# Ralts' Story Hour



## Ralts Bloodthorne (Feb 15, 2005)

Gather ye round, children, and I will tell thee a tale about the current band of lunatics that populate my gaming group. First of all, let us describe both player's and characters and character generation techniques. In red is the amount of years they've been gaming with me.


*Hammerhead Zak:*  Zak's impulsive, quick minded, with a serious streak of "No matter what it is, I'm going to play it to the best of it's ability." He could roll all 10's, and still enjoy himself. Zak doesn't mind losing a PC to either dice rolls or plot, and has often pulled the "You run, I'll cover you! Go! Get out of here!" schtick.5 years
*Heather Dawn:* My wife. She's sneaky, domineering, highly intelligent, knows how I GM, and likes the combat just as much as exploration and diplomacy. 14 years
*Hammerhead Brian:* Brian's a solid player. He likes his characters well grounded, and has a liking of playtesting rules and options. Brian has a tendency to play highly effective support players. 7 years
*Hammerhead Brad:* Brad's an iffy player, with a tendency toward munchkinism and fit throwing, but that's been ground out of him. He has a tendency to give up too easily. Oh, yeah, and I have to break him of the problem because he's my son. 1 year
*Hammerhead Johnny:* A decent player, but with a tendency to not really focus what he wants in a character, and getting lost very easily about what is going on. I recently told Johnny he had to go back to basics and play a fighter.1 year

While it's probably unusual that people put _player_ bio's in Story Hour, it'll give you an idea of what kind of mind/person is behind the PC sheet.

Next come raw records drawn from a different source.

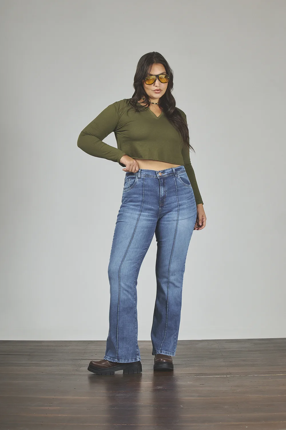 ART. 822 | CROP SEMI OXFORD CELESTE CLÁSICO DEFLECADO ELASTIZADO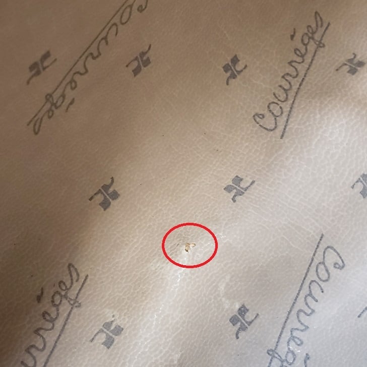 内装レザー底面にかご部分の一部先端があたって点状の穴があいています。※先端が出ている部分が若干鋭利になっているため注意が必要です。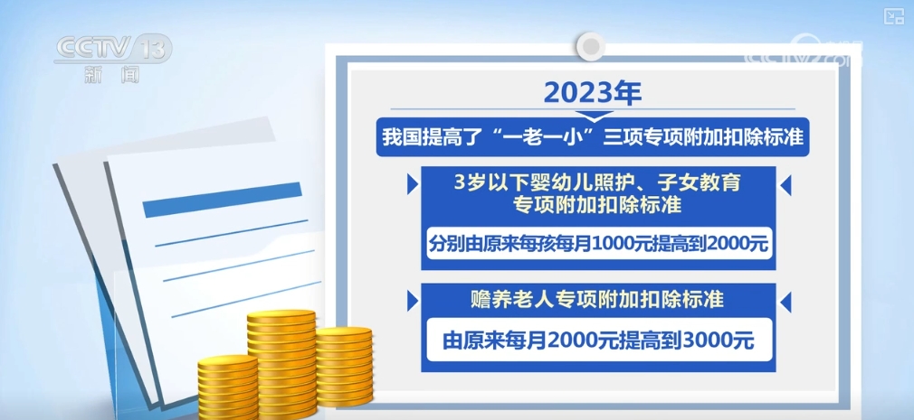 據(jù)介紹,2023年,我國提高了“一老一小”三項專項附加扣除標準。3歲以下嬰幼兒照護、子女教育專項附加扣除標準,分別由原來每孩每月1000元提高到2000元,贍養(yǎng)老人專項附加扣除標準由原來每月2000元提高到3000元。

Below is a breakdown of the rules we used for character generation:

3d6, no rerolls, straight down the line.
Unearthed Arcana Generic PC's only. No feats to be chosen yet. No spells chosen yet.
Adolescent ages only. Complete families (rolled with the chart in the back of Hero Builder's Guidebook) so no: "I'm an only child whose parents vanished up thier own buttholes." crap.
Native American or MezoAmerican names only.
No equipment. 10% of rolled money.
One rank in a single profession skill. This will represent the profession they have been apprenticed into.
No deformities or disabilities.
All rolls witnessed by the GM (myself) and copies made for my records.

So, after the rolls (man, some of them were hideous. I allowed Zak 3 rerolls of his stats since his first three had nothing above SIX! in them) the characters were made up. We had...

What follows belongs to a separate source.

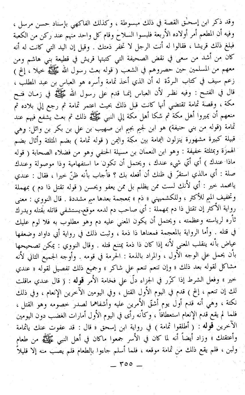 وَقَالَ النَّوَوِيُّ: يُمْكِنُ تَصْحِيحُهَا بِأَنْ يُحْمَلَ عَلَى الْوَجْهِ الْأَوَّلِ، وَالْمُرَادُ بِالذِّمَّةِ: الْحُرْمَةُ فِي قَوْمِهِ. وَأَوْجَهُ الْجَمِيعِ الثَّانِي لِأَنَّهُ مُشَاكِلٌ لِقَوْلِهِ بَعْدَ ذَلِكَ " وَإِنْ تُنْعِمْ تُنْعِمْ عَلَى شَاكِرٍ " وَجَمِيعُ ذَلِكَ تَفْصِيلٌ لِقَوْلِهِ " عِنْدِي خَيْرٌ " وَفِعْلُ الشَّرْطِ إذَا كُرِّرَ فِي الْجَزَاءِ دَلَّ عَلَى فَخَامَةِ الْأَمْرِ، قَوْلُهُ: (قَالَ عِنْدِي مَا قُلْت لَك: إنْ تُنْعِمْ. . . إلَخْ) قَدَّمَ فِي الْيَوْمِ الْأَوَّلِ الْقَتْلَ، وَفِي الْيَوْمَيْنِ الْآخَرِينَ الْإِنْعَامَ، وَفِي ذَلِكَ نُكْتَةٌ، وَهِيَ أَنَّهُ قَدَّمَ أَوَّلَ يَوْمٍ أَشَقَّ الْأَمْرَيْنِ عَلَيْهِ وَأَشْفَاهُمَا لِصَدْرِ خُصُومِهِ وَهُوَ الْقَتْلُ، فَلَمَّا لَمْ يَقَعْ قَدَّمَ الْإِنْعَامَ اسْتِعْطَافًا، وَكَأَنَّهُ رَأَى فِي الْيَوْمِ الْأَوَّلِ أَمَارَاتِ الْغَضَبِ دُونَ الْيَوْمَيْنِ الْآخَرِينَ قَوْلُهُ: (أَطْلِقُوا ثُمَامَةَ) فِي رِوَايَةِ ابْنِ إِسْحَاقَ " قَالَ: قَدْ عَفَوْتُ عَنْكَ يَا ثُمَامَةُ وَأَعْتَقْتُكَ " وَزَادَ أَيْضًا أَنَّهُ لَمَّا كَانَ فِي الْأَسْرِ جَمَعُوا مَا كَانَ فِي أَهْلِ النَّبِيِّ - صَلَّى اللَّهُ عَلَيْهِ وَسَلَّمَ - مِنْ طَعَامٍ وَلَبَنٍ، فَلَمْ يَقَعْ ذَلِكَ مِنْ ثُمَامَةَ مَوْقِعَهُ، فَلَمَّا أَسْلَمَ جَاءُوا بِالطَّعَامِ فَلَمْ يُصِبْ مِنْهُ إلَّا قَلِيلًا

*Spot on Leapord **(Zak):* 
Spot on Leapord is the son of what passes for nobility in the small settlement of Chautepoltek, not the oldest, but not the youngest. He is the 4th son of 9, and the 6th child of 14, and is largely ignored by both his mother and father, and is known throughout the settlement as a troublemaker. He is skilled in fighting as he was trained like the others in his family in hopes that he would be able to join the Ruby Jaguars or the Ruby Pumas. He is dating (and having relations with) the oldest daughter of the settlements high priest of Quezalquotal. He is currently apprenticed to his uncle to learn how to build the canoes that the settlement depends upon. Spot has bronze skin and black hair/eyes.

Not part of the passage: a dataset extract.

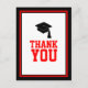 Di las gracias con esta tarjeta postal de agradecimiento de graduación con tema rojo y negro. Cuenta con 'Gracias' en rojo y una gorra de graduado negra rodeada de un borde negro y rojo. La parte trasera está en blanco para tu mensaje personal.

[*]*Faceless Child **(Brian):* 
Born with a caul over his face, Faceless Child's birth made his mother's hair turn white. A small, thin scar surrounds his face from where the caul was cut away. He is tall, skinny and gangly, and has been apprenticed to the herb gatherer, and spends a lot of time staring at things others can't see. This creeps out most of the settlement girls, so he is single and often giggled at. Child has bronze skin with patches of pallid skin, dead white eyes, and is bald.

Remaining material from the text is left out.